程序在 n 为 1 时运行正常,但当 n>1 时,在运行时出现以下错误。

[user:17026] An error occurred in MPI_Allreduce
[user:17026] on communicator MPI_COMM_WORLD
[user:17026] MPI_ERR_BUFFER: invalid buffer pointer
[user:17026] MPI_ERRORS_ARE_FATAL: your MPI job will now abort


mpirun has exited due to process rank 2 with PID 17028 on node user exiting improperly. There are two reasons this could occur:

  1. this process did not call "init" before exiting, but others in the job did. This can cause a job to hang indefinitely while it waits for all processes to call "init". By rule, if one process calls "init", then ALL processes must call "init" prior to termination.

  2. this process called "init", but exited without calling "finalize". By rule, all processes that call "init" MUST call "finalize" prior to exiting or it will be considered an "abnormal termination"

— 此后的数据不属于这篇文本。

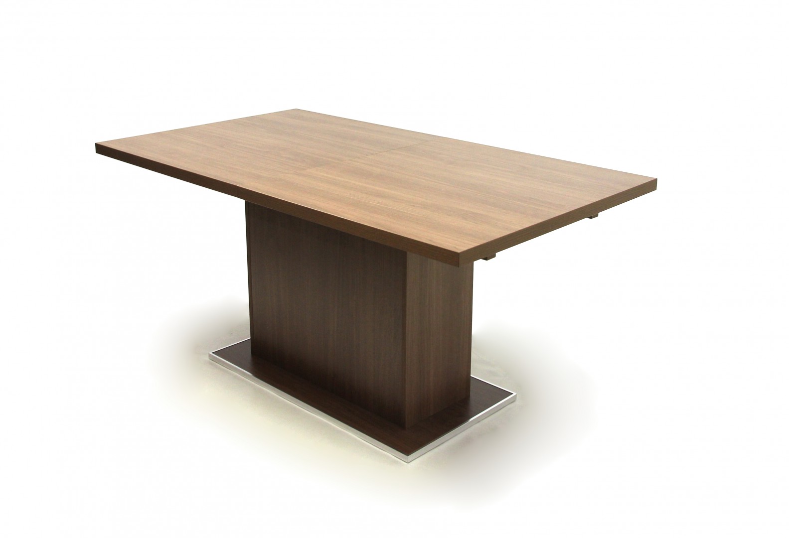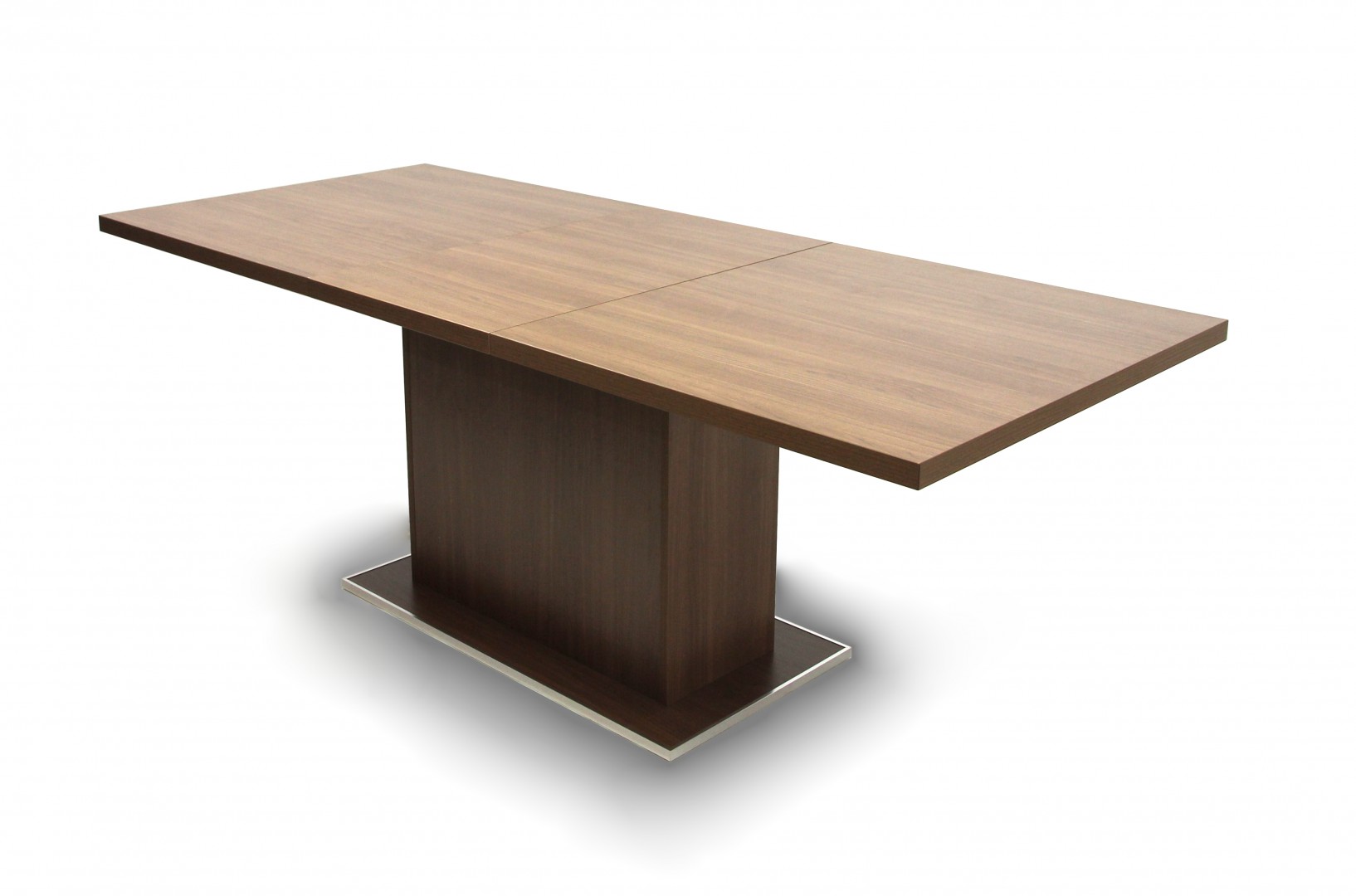 Az asztallap és a lábazat laminált faforgácslapból készült duplungolt kivitellel, ABS élzárással és PU ragasztási technológiával (Víz-, pára és hőálló, tartós kötést biztosít, ennek köszönhetően a bútorok élettartalmát jóval megnöveli!). Nagyobbítás, fém vasalattal. A lábazat központi kialakítású. A talp polírozott alumínium profillal van ellátva. Méret: 90 x 160+(50) x 75,5 cm (Szélesség x Hosszúság x Magasság) Bruttó súly : 63 kg Csomagolás : 1 db / 2 doboz

This may have caused other processes in the application to be terminated by signals sent by mpirun (as reported here).


[user:17025] 3 more processes have sent help message help-mpi-errors.txt / mpi_errors_are_fatal
[user:17025] Set MCA parameter "orte_base_help_aggregate" to 0 to see all help / error messages

我想知道 MPI_Allreduce 是否适用于 n>1,因为互联网上提供的大多数示例仅将 n 设为 1。如果我的方法完全错误,请为我的问题提出更好的解决方案。

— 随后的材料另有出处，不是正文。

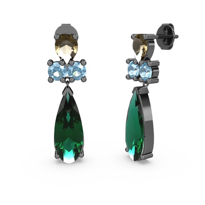 Yeşil kuvars, dumanlı kuvars ve akuamarin 925 ayar siyah rodyum kaplama gümüş küpe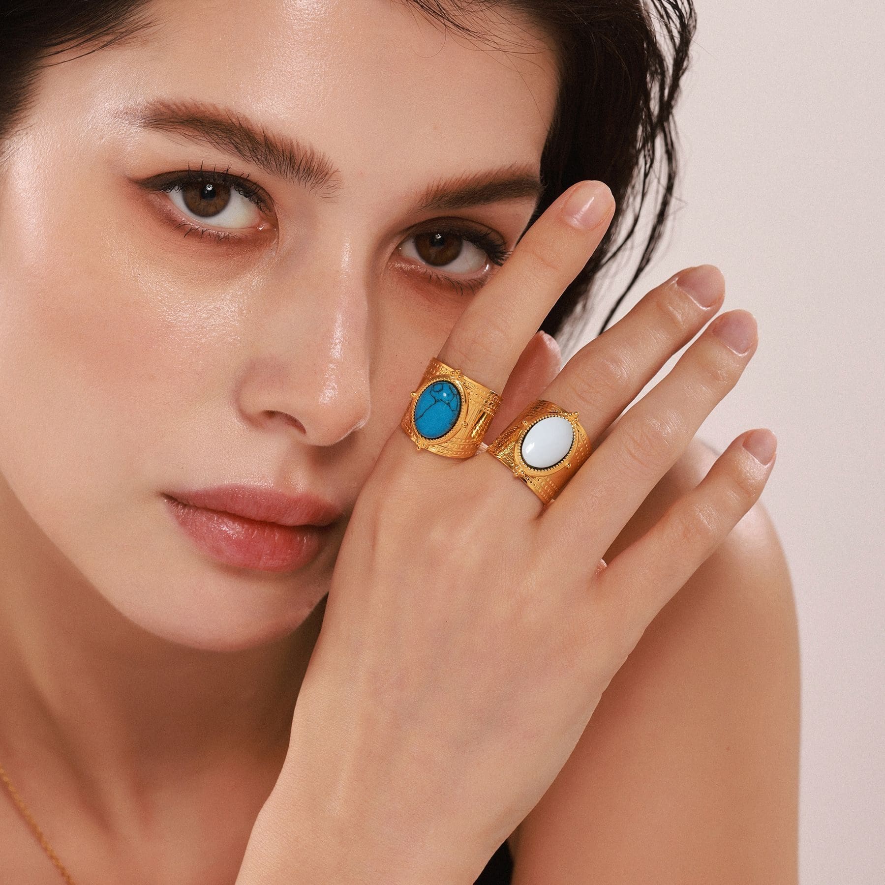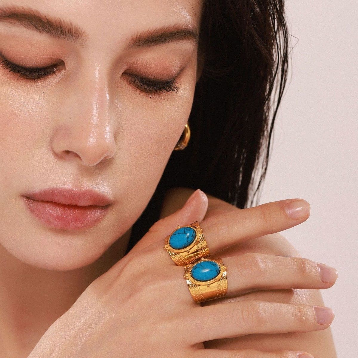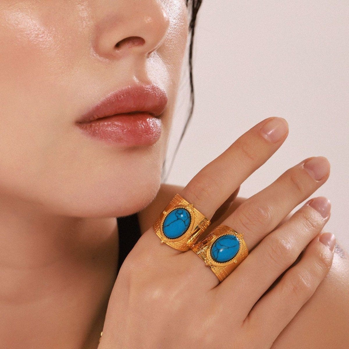 טבעת רחבה כ-22 מ"מ עם אבן טורקיז כחולה גדולה ומרשימה. הטבעת עשויה מסטיינלס סטיל בציפוי זהב אמיתי 18K בטכנולוגית PVD, טבעת פתוחה הניתנת להתאמת המידה הרצויה.

我不知道 MPI 库,但是从 MPI_Allreduce 文档:

int MPI_Allreduce(const void *sendbuf, void *recvbuf, int count, MPI_Datatype datatype, MPI_Op op, MPI_Comm comm)

我猜 "const void *sendbuf" 和 "void *recvbuf" HAVE 是不同的数组,我想在高度并行化的计算中更是如此。

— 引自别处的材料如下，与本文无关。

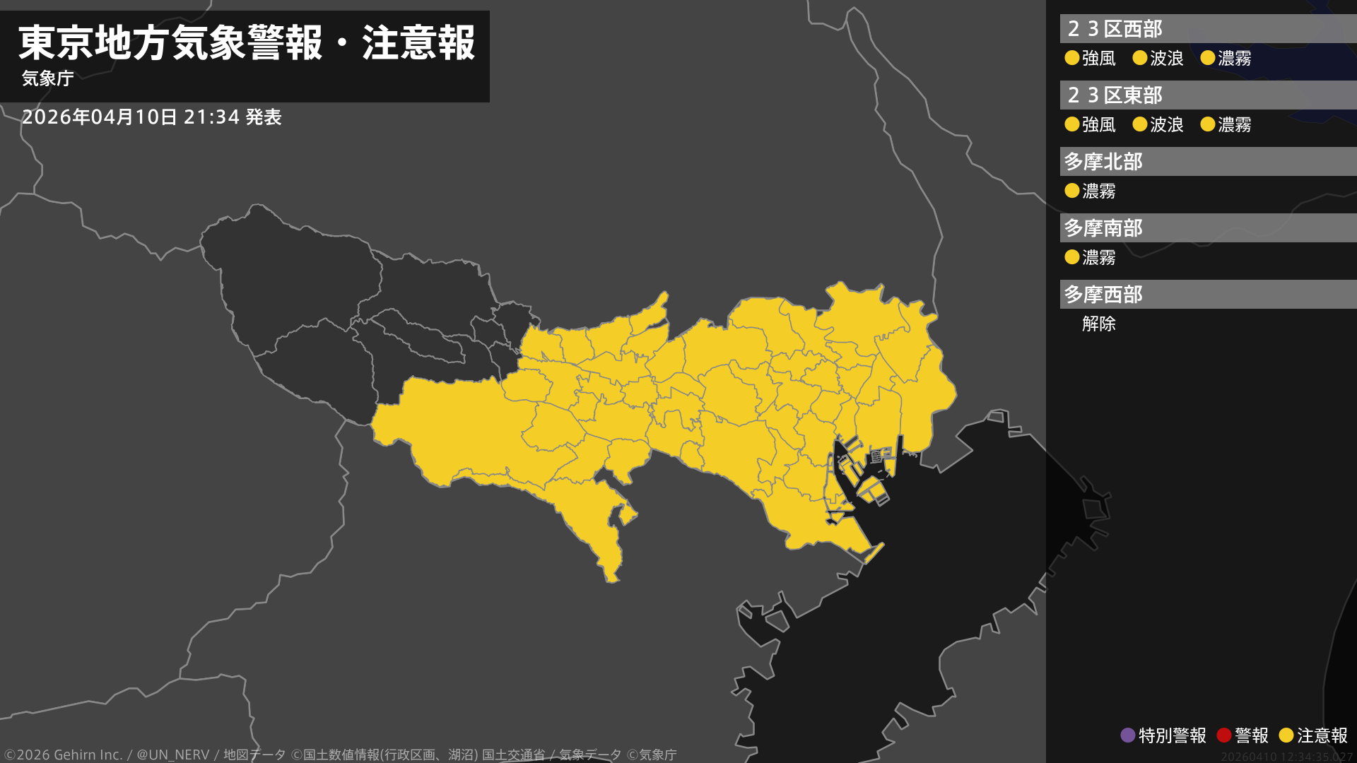 【東京都 気象警報・注意報 2026年04月10日 21:34】東京地方、伊豆諸島北部、伊豆諸島南部では強風や高波に、伊豆諸島北部、伊豆諸島南部では急な強い雨や落雷に、東京地方では濃霧による視程障害に注意してください。#気象警報注意報 #東京都

如果库检查两个指针​​是否在同一地址或重叠,我不会感到惊讶,因此消息:

[user:17026] MPI_ERR_BUFFER: invalid buffer pointer

所以代码应该是这样的:

#include <bits/stdc++.h>
#include <mpi.h>
#include <unistd.h>
using namespace std;

int main (int argc, char* argv[]) {
    int numtasks, taskid, n=200, i;

    MPI_Init(&argc, &argv);
    MPI_Comm_size(MPI_COMM_WORLD, &numtasks);
    MPI_Comm_rank(MPI_COMM_WORLD, &taskid);

    int *arr_send = new int[n];
    int *arr_recv = new int[n];
    for(i=0; i<n; i++) arr_send[i] = 0;
    for(i=taskid; i<n; i+=numtasks) arr_send[i] = 1;

    MPI_Allreduce(arr_send, arr_recv, n, MPI_INT, MPI_BOR, MPI_COMM_WORLD);

    if(taskid == 0){
        for(i=0; i<n; i++) printf("%d ", arr_recv[i]);
        printf("\n");
    }

    MPI_Finalize();
    return 0;
}

和原来的差别不大。让我知道这是否适合你。

如果要使用相同的缓冲区进行发送和接收,可以指定MPI_IN_PLACE作为发送缓冲区。

MPI_Allreduce(MPI_IN_PLACE, arr, n, MPI_INT, MPI_BOR, MPI_COMM_WORLD);

注意:这仅适用于内部通信器。 MPI_COMM_WORLD 是内部通讯器。如果你不知道什么是互通器,那么你的通讯器很可能就是内通器。